You brought this up, Jeff; it’s now your responsibility to do the homework and find out the actual details.
4 mathemajician // Mar 17, 2008 at 3:44 pm
We have no definitive way to measure consciousness in others. However, following a cut through the corpus callosum both sides of the brain are able to report independently, and can disagree with each other. This is well known in neuroscience. The online Koch lectures give a really nice example (but unfortunately with no video due to patient confidentiality): A woman is asked how many seizures she has had since her operation. Her voice gives a number (controlled by the left side of her brain), and then her left hand (controlled by the right side of her brain) raises up and shows a number of fingers to indicate something different. Her left brain objects and instructs her right hand to grab her left hand and pin it to the table. She then starts crying and says that strange things like this have been happening all week. Most people would agree that the left side of her brain that could speak to us was conscious. After all she generally seems quite normal except in special situations. Is the right side of her brain also conscious? It sounds reasonable that it is, given that it can report various things through the arm it controls.
Maybe somebody should try this simple experiment: show the patient via just their left eye the message “Are you consciously experiencing the world? If you are sure that you are, raise your left hand”, My guess is that the hand would go up. Of course, that doesn’t “prove” the right brain is conscious. It could think it is, mistakenly, or be lying. But, other things being equal, if it reports that it is, I guess we should probably believe it.
5 mitchell porter // Mar 19, 2008 at 11:42 am
That example is originally recounted here, in the chapter (12) by Victor Mark. I wonder if the patient (in either hemisphere) would understand the question; she’s described as having an IQ of 75. You’d also have to watch for a Clever Hans effect. But I suppose we’ll eventually get to the point of conducting philosophy-of-mind experiments on individuals with philosophically interesting neurological conditions.

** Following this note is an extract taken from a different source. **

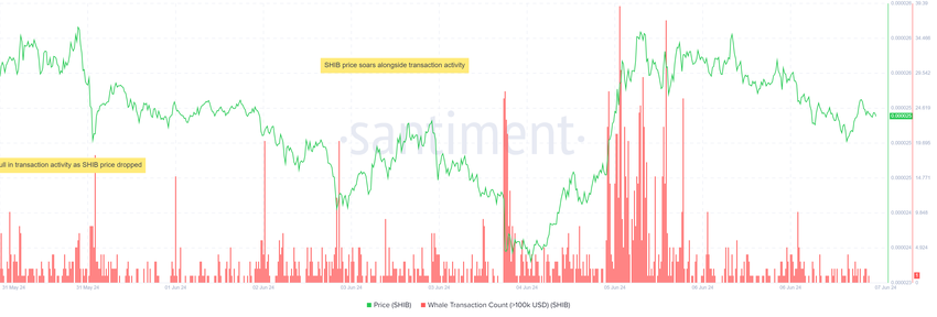 Tuttavia, la situazione si è ribaltata a giugno, quando il prezzo dello SHIB è decollato in seguito all’impennata delle transazioni, che ha raggiunto il culmine il 6 giugno con circa 39 transazioni di whale rispetto alle 18 transazioni registrate il 31 maggio. In questo periodo, anche lo SHIB è salito del 5%.

I’d still ask my question about the memories. After reunification, does anyone ever remember having been the silent hemisphere, even just as part of a newly unified identity? That would mean remembering themselves as the initiator of actions which the other hemisphere experienced as alien. I’ve never heard of it. It suggests that if there is a separate stream of consciousness there, it’s a highly transient one that as consciousness is not reintegrated, though some of its powers may be.
6 mathemajician // Mar 19, 2008 at 1:32 pm
I think the Koch example was a different person as I think in that case dominance was re-established after 2 weeks (which is usual). There are quite a few examples of this type of thing, indeed I believe doctors still perform the procedure.
Why would somebody with an IQ of 75 not be able to understand the question? Roughly 1 out of every 10 people has an IQ below 80.
I’ve never heard of alien memories after dominance is established. I suspect that it would be unlikely as the brain goes to considerable lengths to keep its model of the world consistent — even if this requires constructing and believing false memories.
7 mitchell porter // Mar 22, 2008 at 1:16 pm
Koch quotes that article by Mark in his book on consciousness. I haven’t heard the online lectures yet.
IQ 75 is supposedly the upper bound of mental retardation. The question would have to be explained in shorter words, e.g. as meaning “Are you awake?”